Старец по имени Истяслав, лет под девяносто с виду, кивает головой в знак согласия.

                Гостомысл
                (показывает на старца, сидящего в шалаше)
– Ну, а это наш Вторак, Ему одному дадено прошлое помнить и будущее зреть. Он-то тебя и усыпил травами настоянными, да три ночи летал ты на нити богов, куда ему потребно было, для познания мира насущного.

Гостомысл, смотрит на горизонт, собирает пожитки в узелки и корзинки. Появляется легкий ветерок. Шелестела листва на деревьях. В воздухе веет свежестью. Наползают тучи.

                Гостомысл
– Вот и Перун радуется тебе, Никита, что ублаготворил нас своим присутствием. Коли дождь да молнии к вечеру будут, то знать, Перун знак дал, что благоволит тебе и велит оставаться.


Приезжает на арбе человек Аблая. На арбу с огромными колесами слаживают пожитки и заготовки. Сами идут за арбой следом…
Вечером их нагоняет гроза.
Проливной дождь идет всю ночь, небо громыхает, освещая сопку, которая появляется из темноты как изваяние страшных сил.

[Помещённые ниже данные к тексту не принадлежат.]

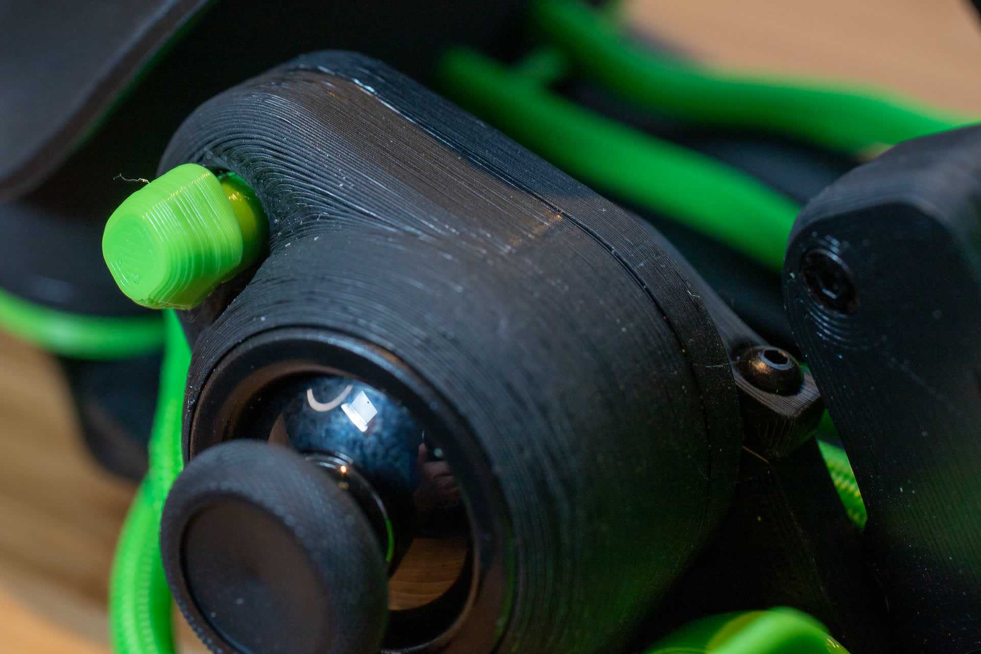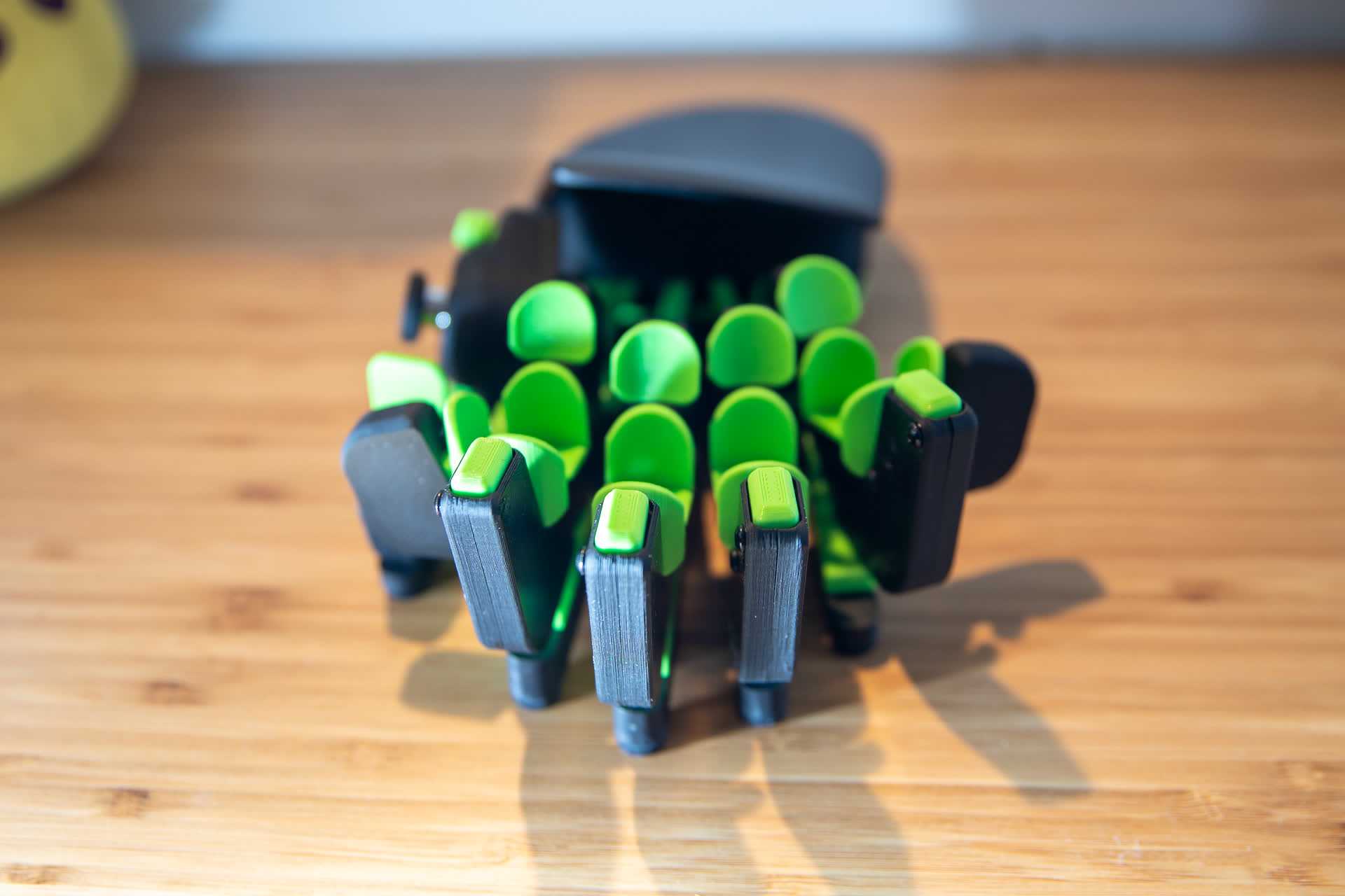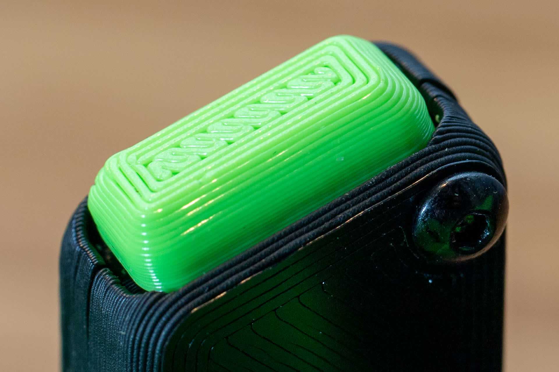 Но хватит об отвертке, давайте рассмотрим само устройство. У меня оно исполнено в строгих черно-зеленых цветах. Однако, большая часть деталей изготовлена из пластика с помощью технологии 3D-печати. Это значит, что цветов (филамента) может быть огромное количество, причем, в любой комбинации, хоть каждая кнопка своего цвета.
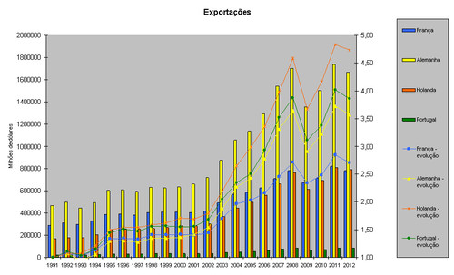 Fontes: Organização Mundial do Comércio para os dados relativos às exportações, Fundo Monetário Internacional (World Economic Outlook Database, Outubro de 2013) para os restantes.

51. Нат. Сибирь. Стоянка беглецов.
Архип и Угор устраиваются на ночлег у костра.


                Архип
– Слышь, Угор, а ты что зрел, когда грибы давеча ел?

                Угор
                (подкидывает хворост в костер)
– Никиту в белых одеждах видел, старого совсем, с бородой до пояса и усами длинными. Видел городище свой, разрушенный и заброшенный. Тебя в кузне, сабли изготавливающего, и мальчонку рядом дуже смышленого. Много видел. Войну видел. Златую Бабу в пещере каменной зрел. Спать ложись. К рассвету пробужу, ты опосля стеречь сон и огонь будешь. Росомаха вокруг ходит, поганый она зверь, подлый зверь. Если стая, то и напасть могут на сонных.

                Голос за кадром
В небе горели звезды, и были они низко-низко. Звезды красивым ковром светили над урманом.
Впереди путников ждало обустройство на зиму и промысел.
Архип и не предполагал, что через несколько лет сюда придут люди Ермака.

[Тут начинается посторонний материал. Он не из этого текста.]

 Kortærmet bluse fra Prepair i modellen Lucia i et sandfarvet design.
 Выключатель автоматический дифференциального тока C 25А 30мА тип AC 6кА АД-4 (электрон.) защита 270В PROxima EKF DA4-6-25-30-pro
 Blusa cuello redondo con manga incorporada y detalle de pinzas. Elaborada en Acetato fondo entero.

Утро. Архип толкает древком копья спящего вогула.

                Архип
– Разбудить просил, как солнце встанет.

                Угор
– Сегодня переплывем на высокую сторону. Пора к зиме готовиться.

                Архип
– А что, дальше-то не пойдем?
– К зиме готовиться надобно, лабаз строить станем. Землянку копать будем. Юрту ставить. Морды плести на зиму, чтоб в загар рыбу заготавливать.


                Архип
– Какой такой еще загар?


                Угор
– Ну, это когда вода тухнет, горит, значит, подо льдом. Рыба на родники идет дышать, тут ее и ловить надобно. Прозеваешь загар, голодным останешься. А далее, коль не понравится место, на север мы с тобой весной тронемся. Нынче уж вода малая, да и снег скоро выпадет. Не пройдем сейчас, сгинуть можно. Весной много воды придет, и мы пройдем. А пока зиму тут зимовать станем да заготавливать снедь начнем. Скоро китайцы приспеют, шкурки менять примутся на посуду разную да вещи всякие. На больших ладьях приплывут. Они всегда приходят поздно осенью, когда шкура крепкая у зверя станет.

                Архип
– А назад как же они супротив течения по холоду и воде малой?

                Угор
– Вода, перед тем как лед станет, поднимется. Вот они где на греблях, где под парусиной и возвращаются к себе.


                Архип
– А татары что? Не трогают разве купцов их?

                Угор
– Грамоты охранные от хана джунгарского у них. Ясак платят, вот и ездят по всему свету.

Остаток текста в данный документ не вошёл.